Prompt Caching in Production: What the Numbers Actually Look Like
We added Anthropic prompt caching to a document analysis tool. Here’s the real cost and latency data after 30 days.

Prompt caching sounds like an obvious win on paper — pay less, wait less. The reality is more nuanced. After running it in production for 30 days across a document analysis tool processing roughly 4,000 requests per day, here’s what we actually measured.
What We Were Building
The tool takes uploaded documents (contracts, reports, specs) and answers structured questions about them. The system prompt includes task instructions and a detailed output schema — about 2,800 tokens that stays identical across every request. The variable part is the document content and the user’s question.

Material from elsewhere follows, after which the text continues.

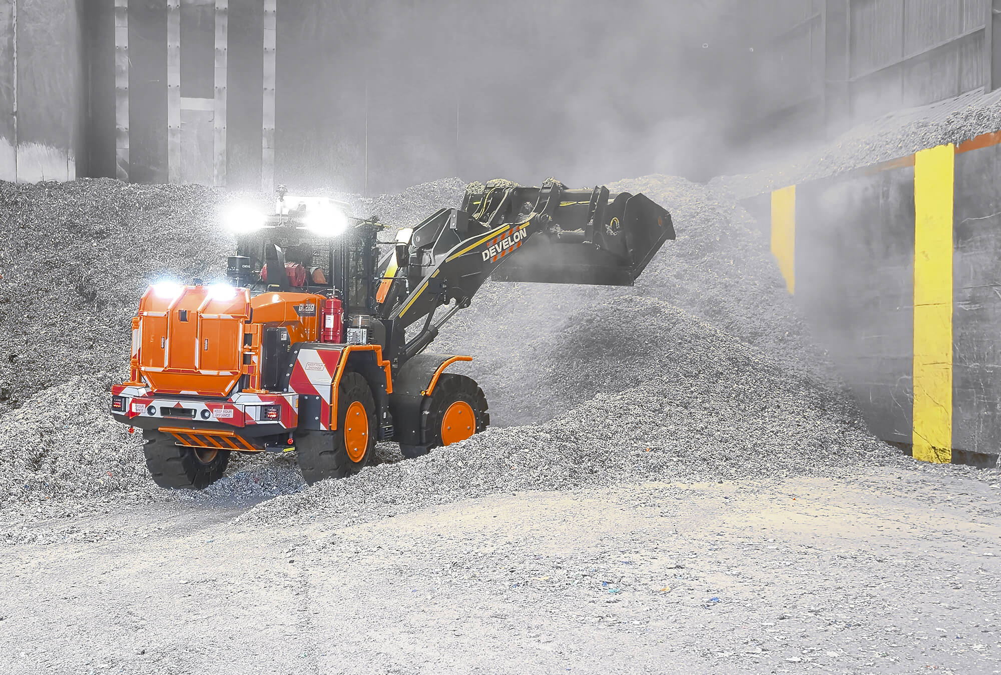 Maximize efficiency with the Develon Waste Loader and its impressive super high lift arm — designed for faster, easier loading of even the largest trucks.

Why Caching Seemed Like a Good Fit
The classic use case for prompt caching is exactly this: a large static prefix followed by a small dynamic suffix. Our system prompt was large, static, and hit on every request. The only reason we hadn’t enabled caching earlier was uncertainty about how much of the cost was actually in that prefix versus the document tokens.
Setting It Up
Enabling caching with the Anthropic SDK is a one-line change per cacheable block:
const response = await client.messages.create({
model: 'claude-sonnet-4-6',
max_tokens: 1024,
system: [
{
type: 'text',
text: SYSTEM_PROMPT,
cache_control: { type: 'ephemeral' },
},
],
messages: [{ role: 'user', content: userMessage }],
})
The cache has a 5-minute TTL by default. For our workload — bursty during business hours, quiet overnight — this meant high hit rates during the day and cold caches every morning.
Measuring Cache Hit Rate
The API response includes usage.cache_read_input_tokens and usage.cache_creation_input_tokens. We logged both to a simple time-series table for the first week before drawing any conclusions.
The Numbers
Over 30 days with caching enabled versus the 30 days before:
- Input token cost: down 61%
- Average latency (p50): down 340ms
- Average latency (p95): down 890ms
- Cache hit rate during business hours: 78%
- Cache hit rate overnight: 9%
Where It Didn’t Help
Requests that arrive more than 5 minutes after the previous one get no benefit — they pay the cache creation cost, which is 25% more than a normal input token. For our overnight batch jobs that process documents on a slow queue, caching was a net negative. We disabled it for that queue specifically.

Practical Recommendations
Prompt caching is worth enabling if your static prefix is over 1,024 tokens and you have at least moderate request volume within any 5-minute window. The implementation cost is minimal. The monitoring cost — making sure you’re not accidentally paying cache creation premiums on infrequent paths — is where you should spend your time.
The 5-minute TTL is the number to build your intuition around. If your traffic pattern is spiky or async, profile your inter-request gaps before assuming caching will save money.